# Thermopolis, WY



## COstu (Apr 27, 2011)

Heading up to the hot springs in Thermopolis for a long weekend later this month. The friends we're going with are golfing, which I don't, so was thinking of taking the bike. Has anyone done any riding up there? Any MTB trails or road route recommendations?


----------



## PaulMark (Apr 18, 2012)

*Also Thermopolis bound*

I will be in Thermopolis during the last week of April. I am thinking any riding there would be good. It doesn't look like you are getting any feedback. What have you found. What was your experience if you've already gone?


----------



## moneyman (Jan 30, 2004)

PaulMark said:


> I will be in Thermopolis during the last week of April. I am thinking any riding there would be good. It doesn't look like you are getting any feedback. What have you found. What was your experience if you've already gone?

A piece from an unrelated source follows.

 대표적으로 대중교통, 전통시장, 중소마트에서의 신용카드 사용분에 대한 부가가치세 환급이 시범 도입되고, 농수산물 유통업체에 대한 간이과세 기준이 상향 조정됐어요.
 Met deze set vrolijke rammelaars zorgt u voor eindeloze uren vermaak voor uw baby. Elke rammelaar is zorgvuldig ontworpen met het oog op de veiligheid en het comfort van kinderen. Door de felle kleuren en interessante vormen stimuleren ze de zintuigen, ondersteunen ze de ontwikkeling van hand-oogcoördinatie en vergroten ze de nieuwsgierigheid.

Are you guys from Wyoming? If not, there is one thing you should understand: There are simply not all that many paved roads in some areas. The highway out of Thermop both ways, towards the Wind River Canyon and into the canyon always looked like fun to me, but the traffic is pretty thick at times and there is not much of a shoulder. North to Worland is pretty, in a Wyoming way, but it's busy as well. You might try a ride around Hot Springs state park, but watch out for the Buffalo. Not much mileage there, but some pretty good hills. There are some county roads that follow the river, but again, I am not sure if they are paved or not. 

One suggestion: Drive to Worland then head east to Tensleep. Park in Tensleep and ride up the canyon towards the Powder River Pass. I don't think that it will be too busy with motorhomes yet, and its been a really mild winter so there is not much snow on top.

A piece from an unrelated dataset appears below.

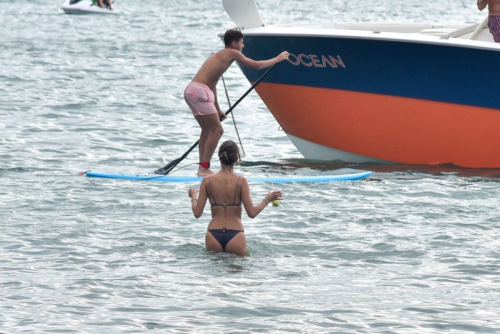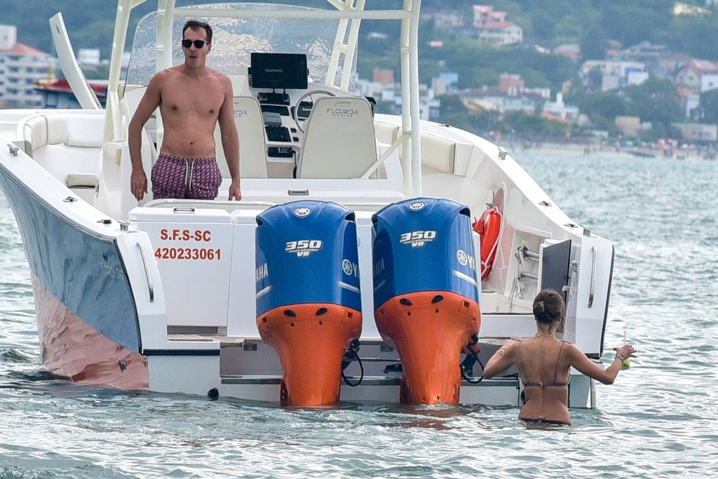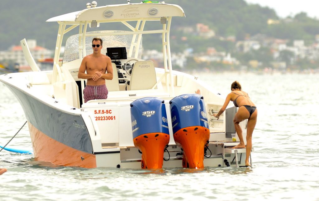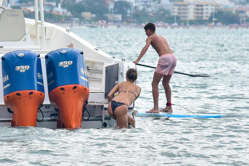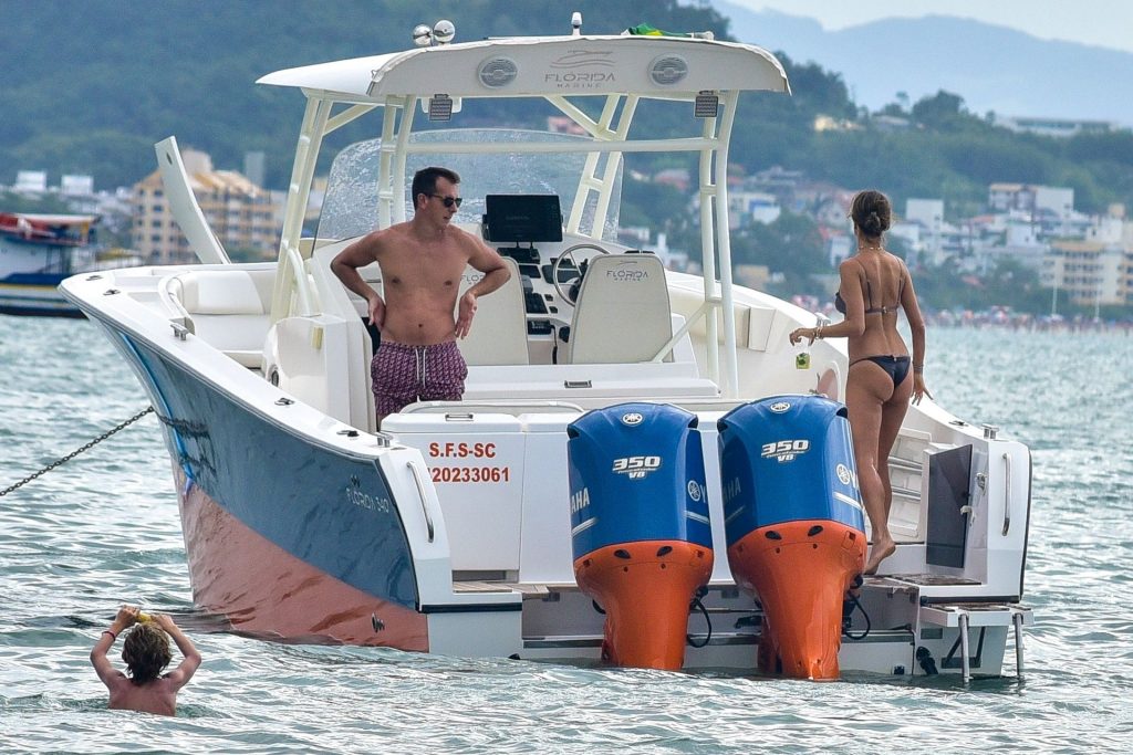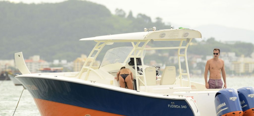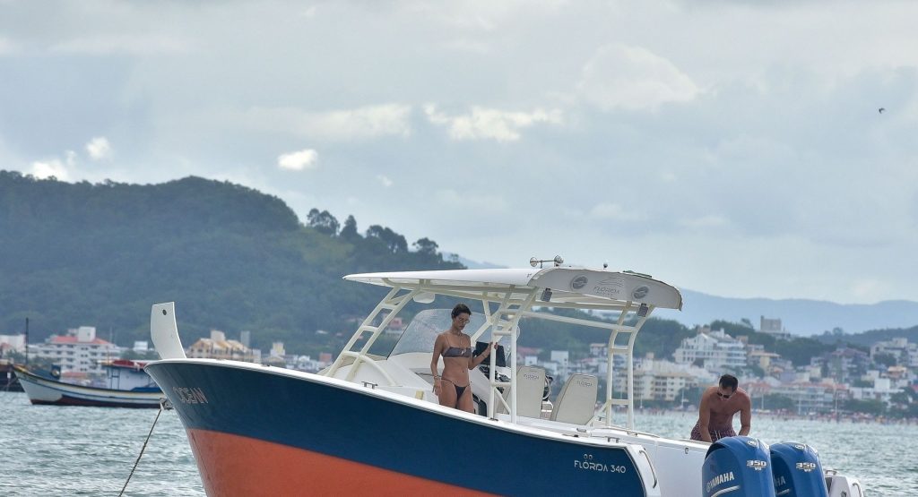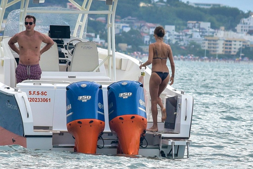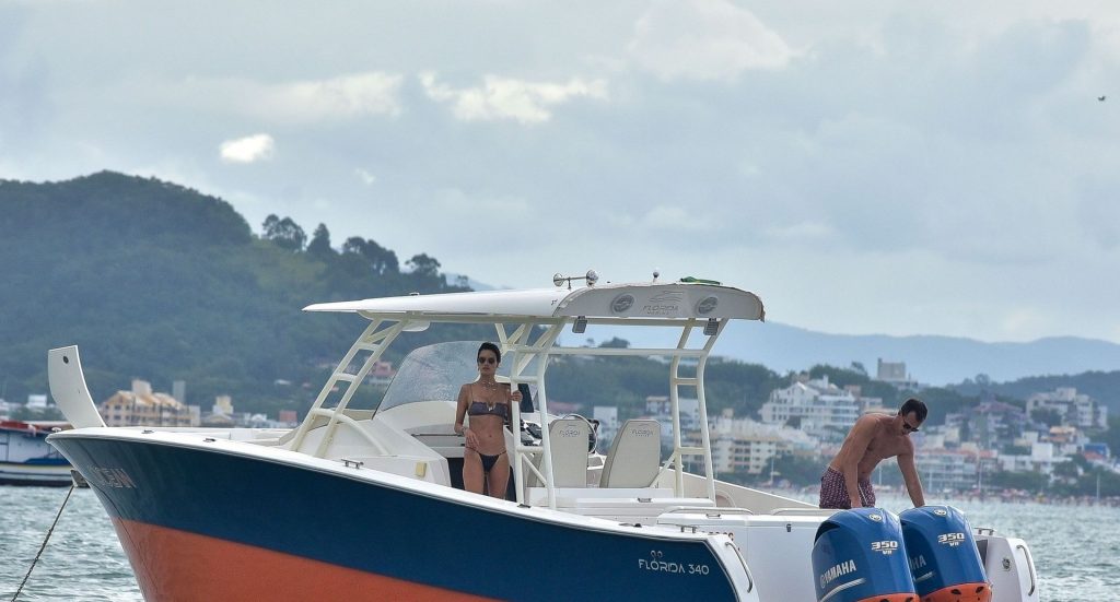 Александра Амбросио наслаждается днем на скоростной лодке, играет в пляжный теннис во Флорианополисе, 01/03/2020. Потрясающая супермодель максимально использовала свой отпуск в родной Бразилии, наслаждаясь качественным временем с семьей — мужем и детьми.

On the other hand, don't let me discourage you. If I was in Thermop, I would check out those county roads, myself. My second choice would be to ride towards Worland following the river. 

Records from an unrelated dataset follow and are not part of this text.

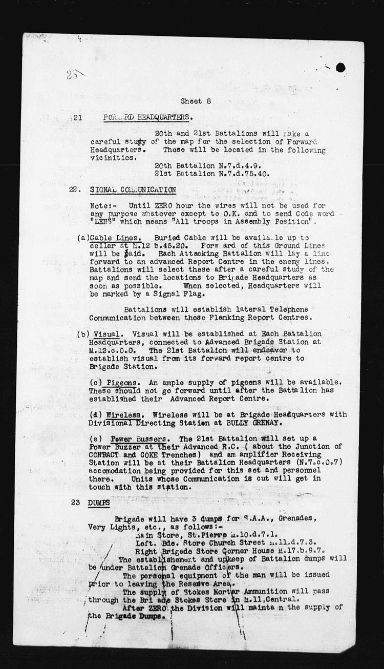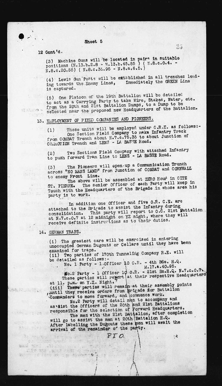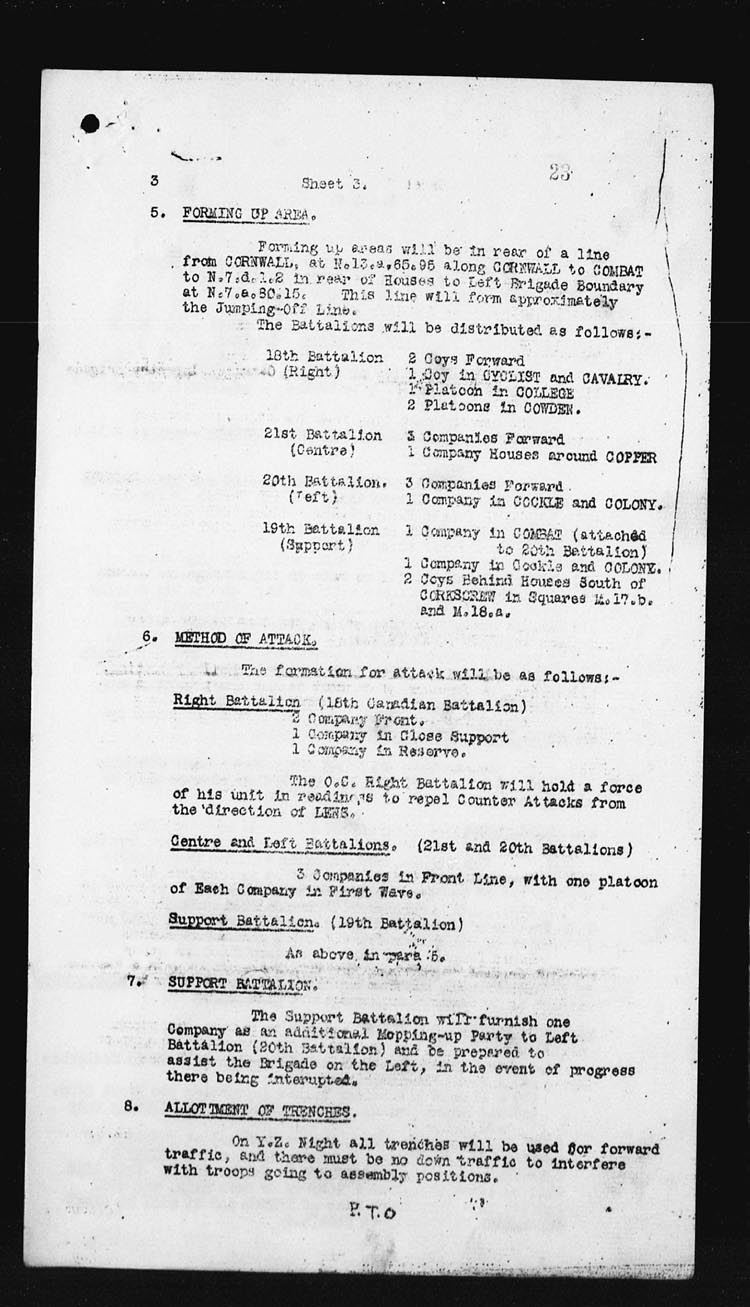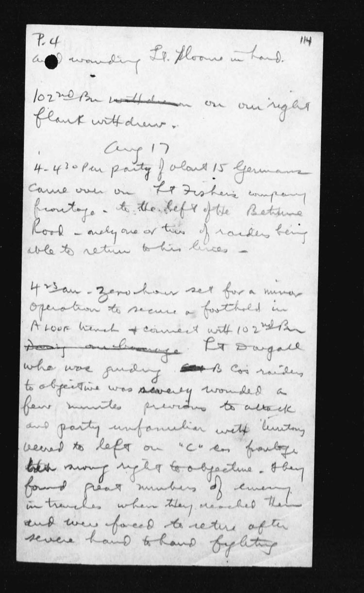 | 17 | In the early hours of the morning the assaulting platoons were taken forward and it was while giving assistance to the Officers in the placing of their men, Lieut. DOUGALL was mortally wounded by an enemy 5.9 shell. However the attack went forward at the proper time, and occupied COTTON TRENCH from N.13.c.95.90 – N.13.central and N.13.b.4.1 but owing to heavy shell fire and the withdrawal of troops on our right, a certain amount of disorganization followed.
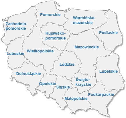 zachodniopomorskie pomorskie warmi?sko-mazurskie podlaskie mazowieckie kujawsko-pomorskie wielkopolskie łódzkie lubelskie świętokrzyskie podkarpackie lubuskie dolnośląskie opolskie śląskie małopolskie
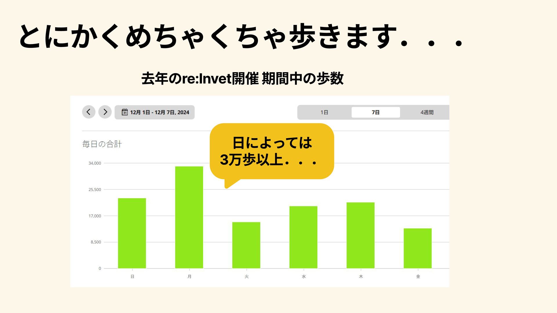 去年のre:Invet開催 期間中の歩数 とにかくめちゃくちゃ歩きます... 日によっては 3万歩以上...
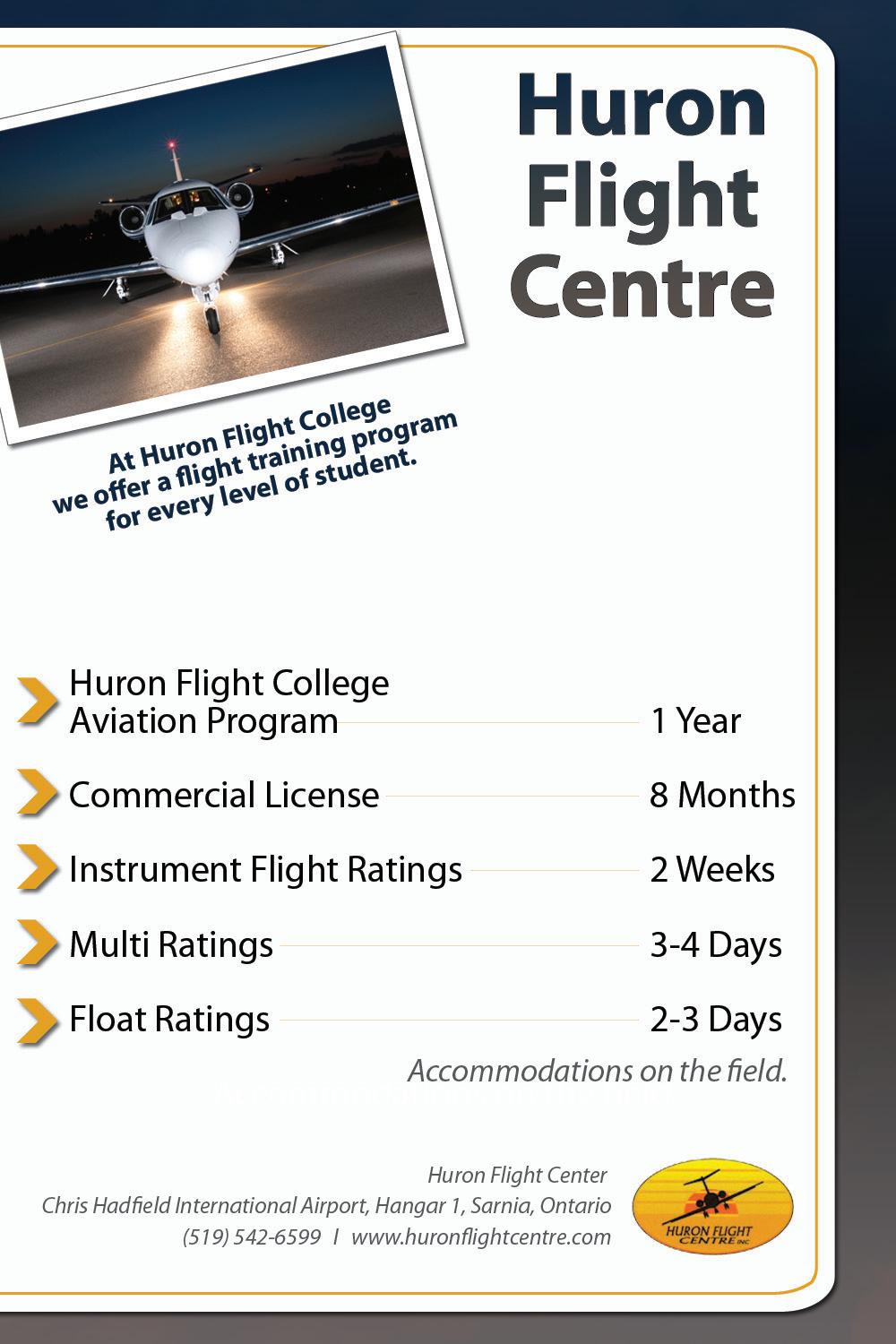 you to do just that. Its three-semester (optional fourth) Professional Aviation Program is designed to prepare students for entry-level positions in both the Canadian and international aviation industries. From CPL to Float Endorsement to Flight Dispatcher, the Huron Flight Centre does it all.

And I would never leave the area without a stop for lunch or dinner at Butch's Place in Kirby, just a few miles north of Thermop. Great hamburgers, kitschy atmosphere, and completely unhealthy food. But I love the place and have eaten there for years each time I go through. You find Kirby by watching for the Wyoming Whiskey silo on the east side of the highway.

Weather in the basin (you will be in the Bighorn Basin) can be really, really nice at that time of the year. 70s and 80s would not be uncommon. Also, the wind is generally under control. 

Another thought is highway 120 to Cody. Good time of the year to do that as well, since the tourists haven't arived in force just yet.

Sorry I didn't respond earlier, but I was hoping someone a little closer would answer. I live in Cheyenne, which is 300+ miles from Thermop. I do get through there several times a year, though. Have a great time!


----------



## COstu (Apr 27, 2011)

Thanks for the suggestions. Not from WY, I live down in Loveland but heading up for the weekend. Not sure if I'll get any riding in now since I am getting beat down by a nasty head cold. Guess I'll just have to soak in the hot springs, life could be worse!


----------



## moneyman (Jan 30, 2004)

COstu said:


> Thanks for the suggestions. Not from WY, I live down in Loveland but heading up for the weekend. Not sure if I'll get any riding in now since I am getting beat down by a nasty head cold. Guess I'll just have to soak in the hot springs, life could be worse!


Sorry about your cold. The Star Plunge will help! Still, get to Butch's. Its worth the trip.


----------